Quali tasse pago se affitto la seconda casa per vacanze?

Regime tipico: cedolare secca 26% sul secondo immobile destinato a locazione breve (dal 2026 secondo Agenzia delle Entrate), in alternativa a IRPEF ordinario. Per affitti brevi turistici ≤30 giorni il contratto e’ esente da registrazione. Resta obbligo di: tassa di soggiorno comunale da riscuotere e versare, IMU sulla seconda casa, TARI per smaltimento rifiuti. Sotto la soglia dei 2 immobili Agenzia Entrate 2026 il regime resta non imprenditoriale (no partita IVA).

E’ meglio affittare la seconda casa per brevi o lunghi periodi?

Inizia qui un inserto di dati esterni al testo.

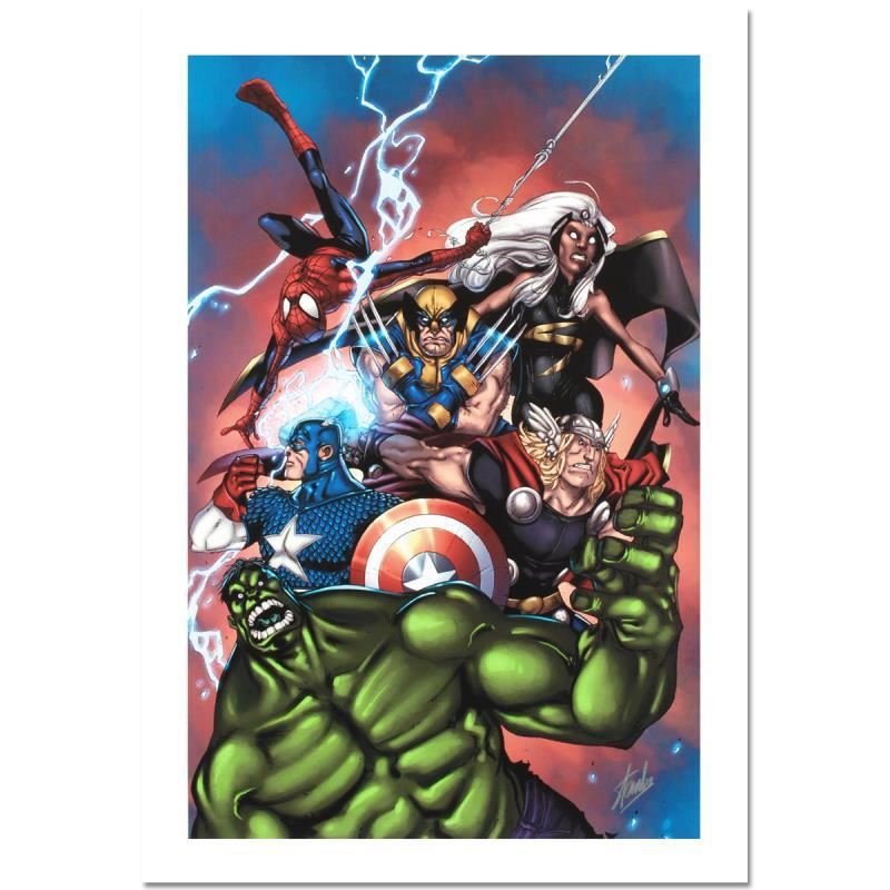 Marvel Adventures: The Avengers #36 is a limited edition giclee on canvas with art by Ig Guara. Officially licensed by Marvel, this piece is numbered 10/10 and hand signed by creative legend Stan Lee (1922-2018). The piece comes with a certificate of authenticity. Measures approximately 27 x 18.
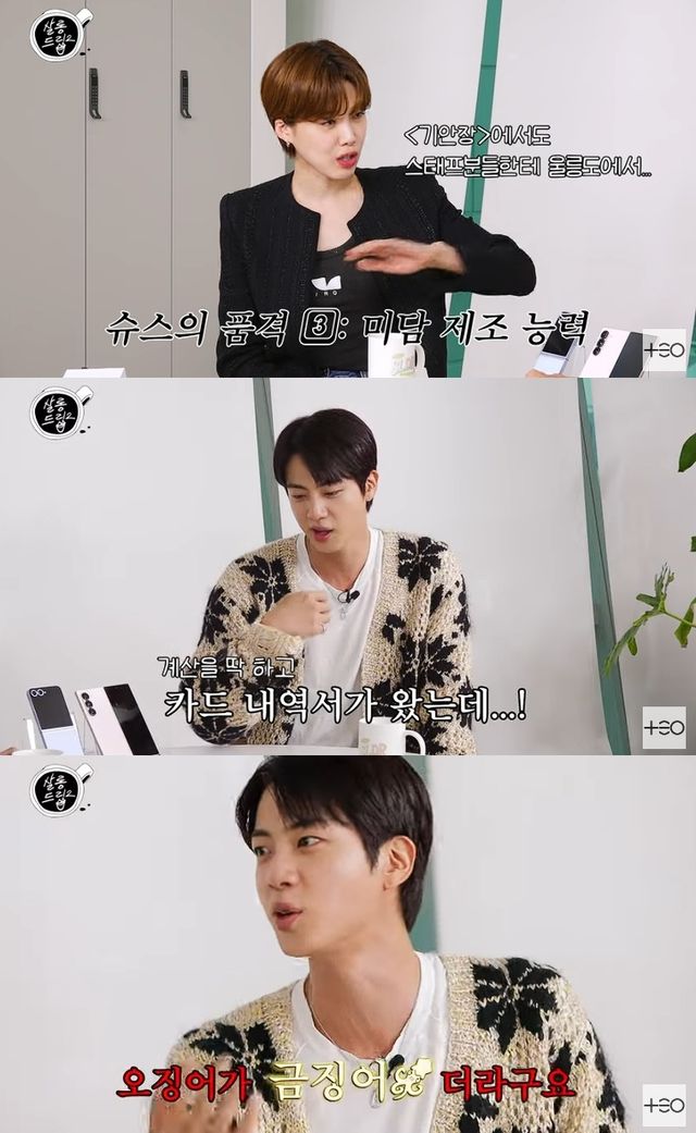 이에 진은 "계산을 하고 카드 내역서가 날아온 걸 보니까 오징어가 금징어더라"며 너스레를 떨었다. 그러면서 "왼손이 좋은 일을 하면 오른발이 끝까지 알아야 한다고 생각한다"며 미담에 대한 소신을 밝히기도 했다.
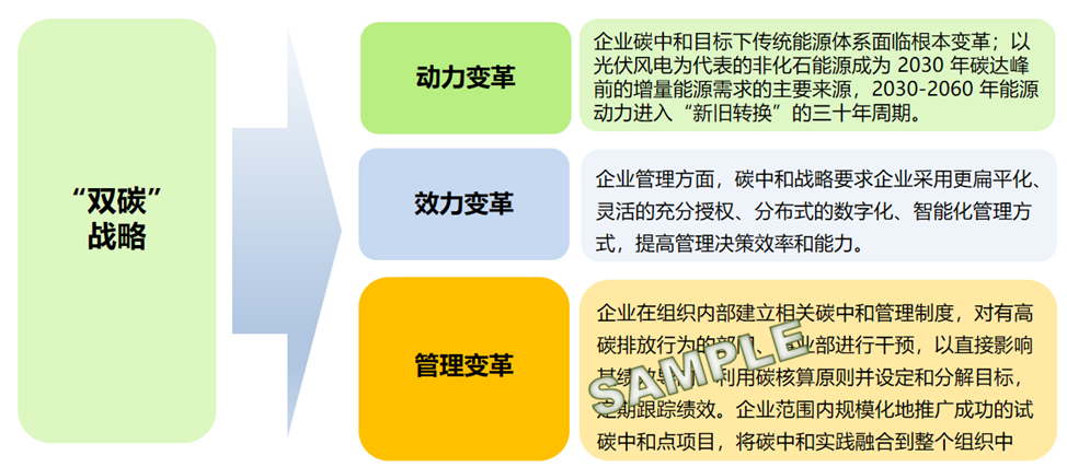 “雙碳”戰(zhàn)略框架下,企業(yè)應(yīng)將關(guān)鍵資源能力體系、業(yè)務(wù)運營體系、碳中和科技、運營管理、碳資產(chǎn)管理等生產(chǎn)要素融入企業(yè)價值鏈, 聚焦企業(yè)增量增長空間,重塑商業(yè)模式,打造競爭優(yōu)勢,最終實現(xiàn)企業(yè)發(fā)展戰(zhàn)略目標。
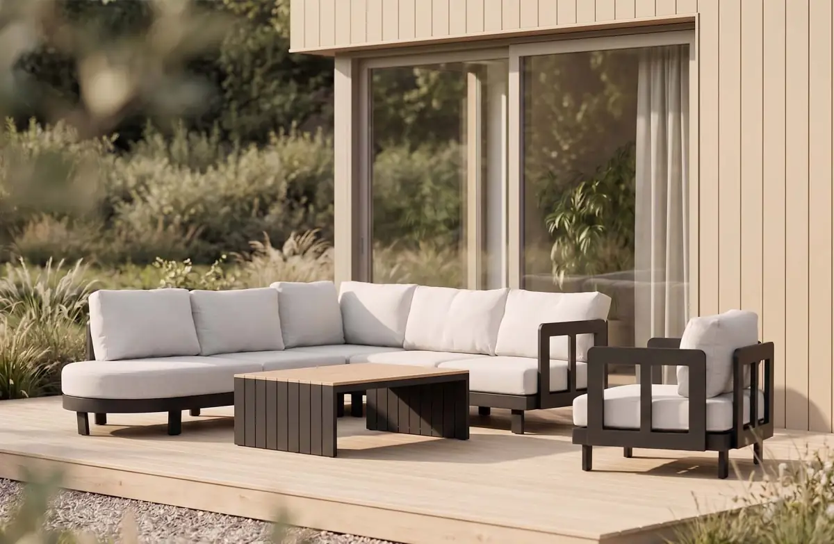 | Eigenschaften | Modular erweiterbares Design, pulverbeschichteter rostbeständiger Aluminiumrahmen, wetterbeständig, UV-beständige Oberfläche, wasserabweisende Kissen |
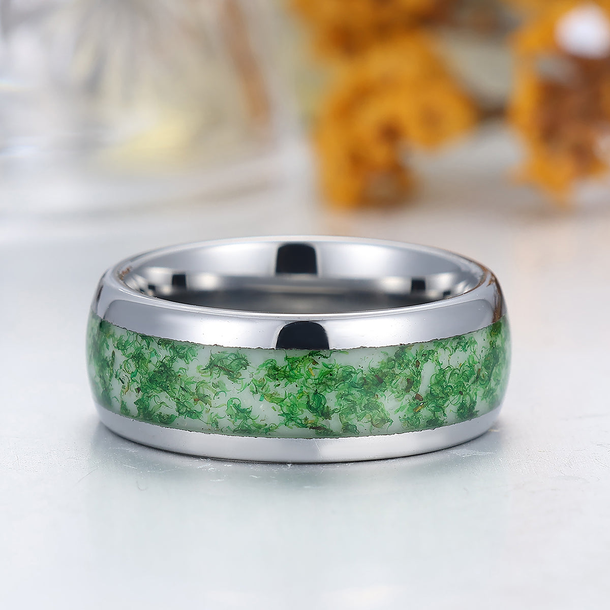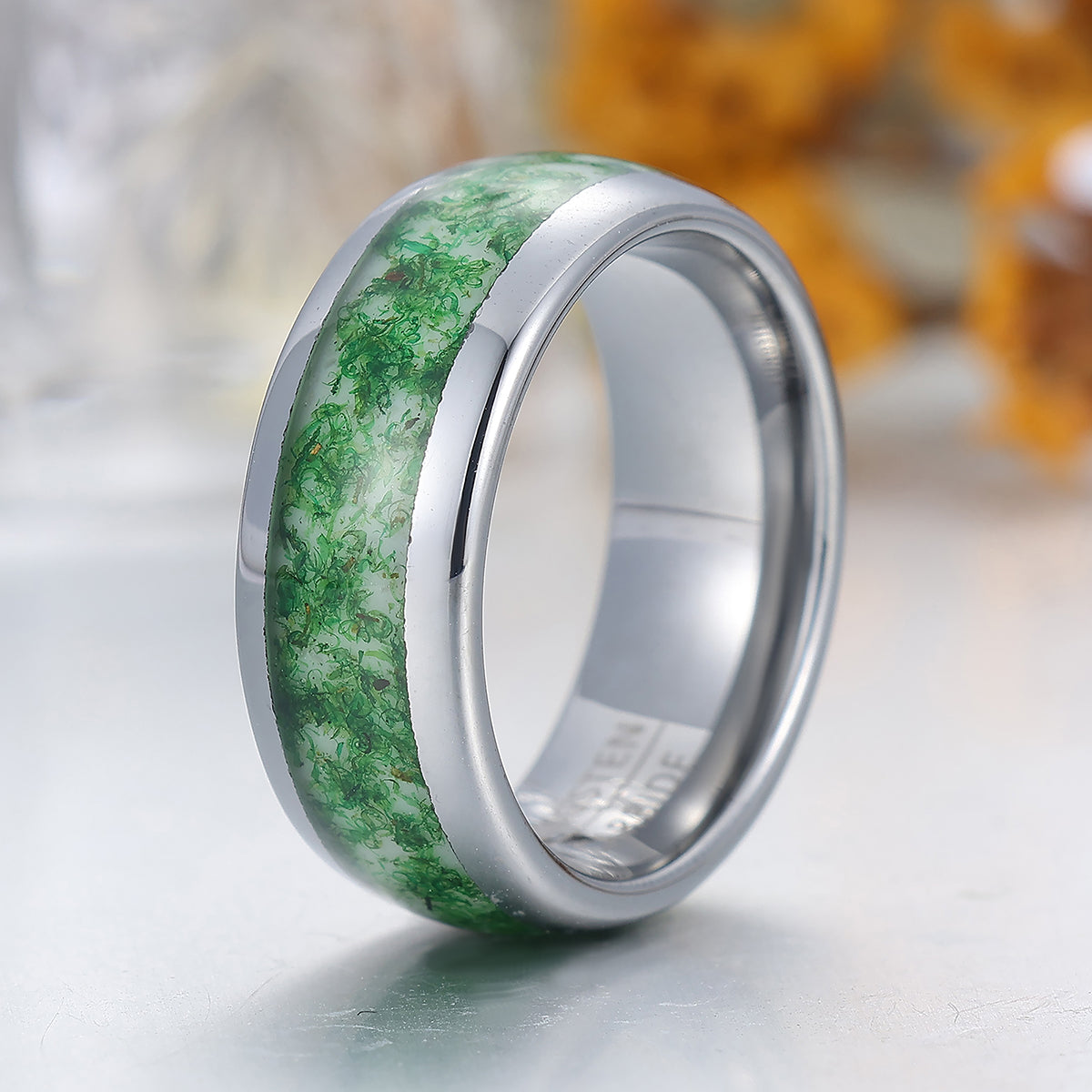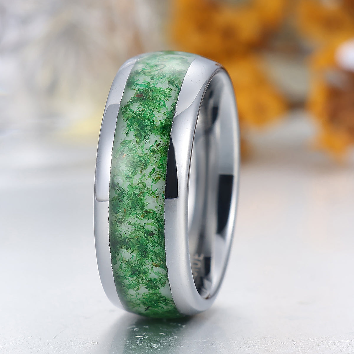 Green Moss Agate Inlaid Men's Tungsten Ring 8mm Wide Silver Plated Tungsten Band
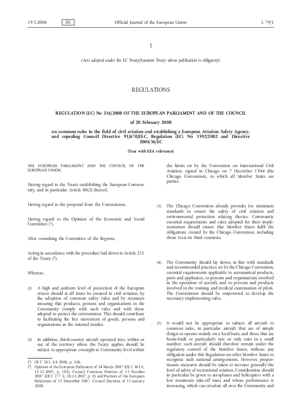 Regulation (EC) No 216/2008 of the European Parliament and of the Council of 20 February 2008
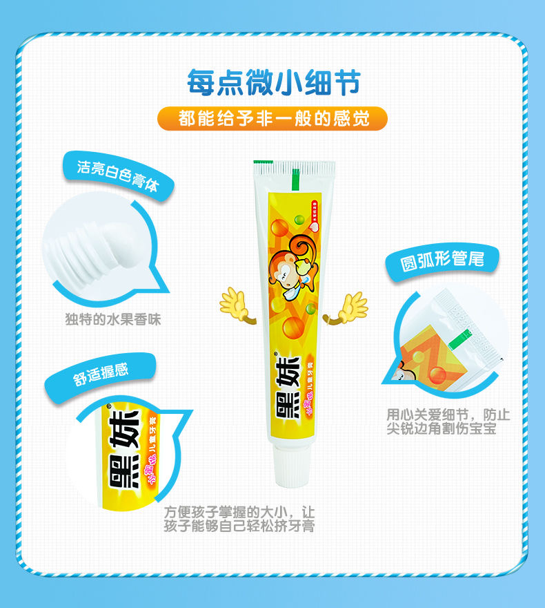 黑妹儿童牙膏水蜜桃香味 42g/支 1-6岁固齿防蛀牙清新 ...
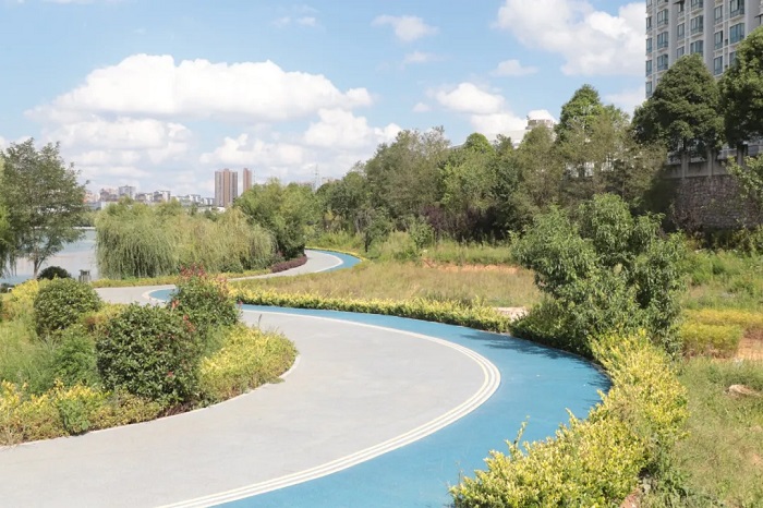 位于安順經(jīng)開區(qū)的花山綠道,總長約2.4公里,保留原162鐵路原始風貌,沿線設置三線文化廣場、休息椅等設施,同時鋪設透水路面、建設植草溝,既串聯(lián)起休閑健身與文化體驗功能,又能有效滯留雨水。老城環(huán)路虹山湖路段則打造了下沉式綠地、觀景平臺,夜晚燈光亮起時,成為市民休憩打卡的熱門地點。市政道路與背街小巷的海綿化改造也同步推進,通過鋪設透水路面、打造下凹式綠化帶等方式,讓雨水“落地即滲”。

Affitto breve turistico (≤30 giorni): ricavi per notte tipicamente piu alti, flessibilita d’uso (puoi auto-utilizzarla nei periodi vuoti), turnover dei pagamenti, ma carico operativo elevato (pulizie, check-in, comunicazioni, recensioni). Affitto lungo (4+4 anni residenziale o transitorio 1-18 mesi): ricavi mensili piu bassi ma costanti, basso carico operativo, no CIN ne tassa soggiorno se non turistico, ma minore flessibilita. Vedi affitti temporanei per confronto.

Quali sono i requisiti per affittare la seconda casa via Airbnb?

Quattro requisiti normativi italiani: 1) SCIA al Comune (Segnalazione Certificata Inizio Attivita); 2) CIN nazionale del Ministero del Turismo, da esporre in annuncio Airbnb e sulla facciata (sanzioni 800-8.000 EUR per omessa esposizione); 3) accreditamento Alloggiati Web per comunicazione dati ospiti entro 24h; 4) iscrizione sistema statistico regionale (Ross1000 in Lombardia, Turismo5 in Veneto). In aggiunta: gestione tassa di soggiorno, dichiarazione redditi (cedolare secca o IRPEF), eventuale polizza assicurativa.

Devo dichiarare i redditi della seconda casa affittata a turisti?

Si, sempre. I ricavi degli affitti brevi vanno dichiarati nella dichiarazione dei redditi annuale (modello 730 o Unico), scegliendo tra: cedolare secca 21% sul primo immobile, 26% sul secondo (dal 2026 secondo Agenzia Entrate), oppure IRPEF ordinario con aliquote scaglionate (23-43%) + addizionali. Le piattaforme (Airbnb, Booking) trasmettono i dati dei ricavi ai sistemi italiani come ritenuta alla fonte 21%. Omessa dichiarazione = sanzioni fiscali 30%+ dell’imposta dovuta + interessi.

Quanto rende affittare la seconda casa al mare per vacanze?

Dipende fortemente da: localita (Costiera Amalfitana, Salento, Sardegna premium hanno tariffe piu alte; localita marittime di seconda fascia tariffe inferiori), stagionalita (giugno-settembre concentra 70-80% ricavi annui), dimensione immobile, qualita arredo. Per un bilocale in localita marittima media, ricavi lordi tipici 4.000-12.000 EUR per la stagione estiva, con netto post commissioni piattaforme, pulizie, utenze, tassa soggiorno. Localita prime (Capri, Forte dei Marmi, Porto Cervo) tariffe e ricavi sostanzialmente piu alti.